Collection entries:
══════════════════════════════

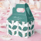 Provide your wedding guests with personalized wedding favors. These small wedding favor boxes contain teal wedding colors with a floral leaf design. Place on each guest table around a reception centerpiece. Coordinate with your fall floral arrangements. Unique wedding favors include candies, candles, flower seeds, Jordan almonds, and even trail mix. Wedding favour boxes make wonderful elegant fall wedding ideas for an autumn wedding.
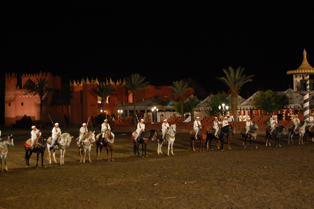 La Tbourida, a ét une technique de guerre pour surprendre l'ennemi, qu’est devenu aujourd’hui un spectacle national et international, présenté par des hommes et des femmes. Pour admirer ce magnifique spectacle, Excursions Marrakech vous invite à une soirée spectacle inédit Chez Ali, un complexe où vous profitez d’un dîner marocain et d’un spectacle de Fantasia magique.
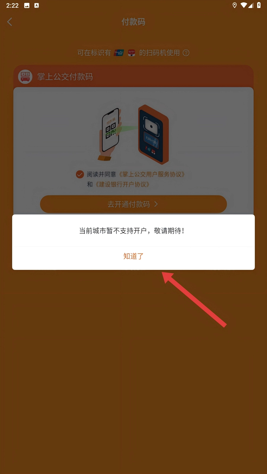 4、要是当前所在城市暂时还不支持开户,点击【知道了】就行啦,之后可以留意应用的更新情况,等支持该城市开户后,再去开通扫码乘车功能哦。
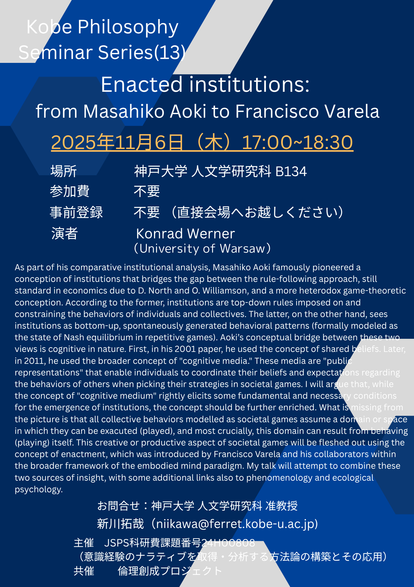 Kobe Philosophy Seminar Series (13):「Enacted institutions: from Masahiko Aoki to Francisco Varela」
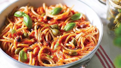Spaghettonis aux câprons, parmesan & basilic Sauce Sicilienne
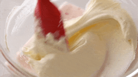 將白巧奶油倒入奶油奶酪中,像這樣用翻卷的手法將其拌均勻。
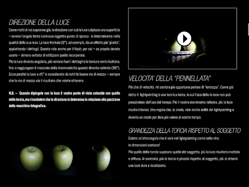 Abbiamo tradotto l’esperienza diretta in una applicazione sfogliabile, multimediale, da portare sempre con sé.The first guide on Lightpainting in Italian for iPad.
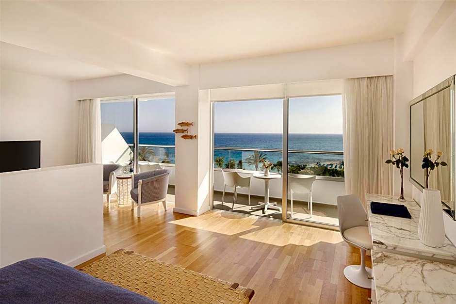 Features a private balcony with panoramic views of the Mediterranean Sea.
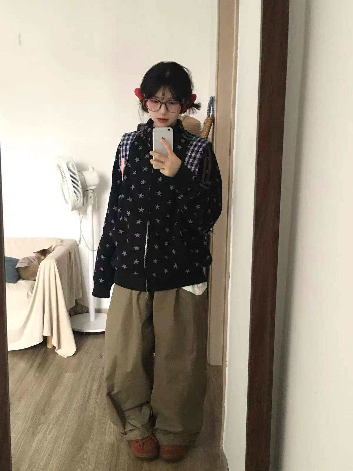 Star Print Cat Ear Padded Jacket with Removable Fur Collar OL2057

══════════════════════════════

■ **Try it**
Reproduce each entry precisely. Leave the pictures out.

■ **Task result**
 Provide your wedding guests with personalized wedding favors. These small wedding favor boxes contain teal wedding colors with a floral leaf design. Place on each guest table around a reception centerpiece. Coordinate with your fall floral arrangements. Unique wedding favors include candies, candles, flower seeds, Jordan almonds, and even trail mix. Wedding favour boxes make wonderful elegant fall wedding ideas for an autumn wedding.
 La Tbourida, a ét une technique de guerre pour surprendre l'ennemi, qu’est devenu aujourd’hui un spectacle national et international, présenté par des hommes et des femmes. Pour admirer ce magnifique spectacle, Excursions Marrakech vous invite à une soirée spectacle inédit Chez Ali, un complexe où vous profitez d’un dîner marocain et d’un spectacle de Fantasia magique.
 4、要是当前所在城市暂时还不支持开户,点击【知道了】就行啦,之后可以留意应用的更新情况,等支持该城市开户后,再去开通扫码乘车功能哦。
 Kobe Philosophy Seminar Series (13):「Enacted institutions: from Masahiko Aoki to Francisco Varela」
Spaghettonis aux câprons, parmesan & basilic Sauce Sicilienne
 將白巧奶油倒入奶油奶酪中,像這樣用翻卷的手法將其拌均勻。
 Abbiamo tradotto l’esperienza diretta in una applicazione sfogliabile, multimediale, da portare sempre con sé.The first guide on Lightpainting in Italian for iPad.
 Features a private balcony with panoramic views of the Mediterranean Sea.
 Star Print Cat Ear Padded Jacket with Removable Fur Collar OL2057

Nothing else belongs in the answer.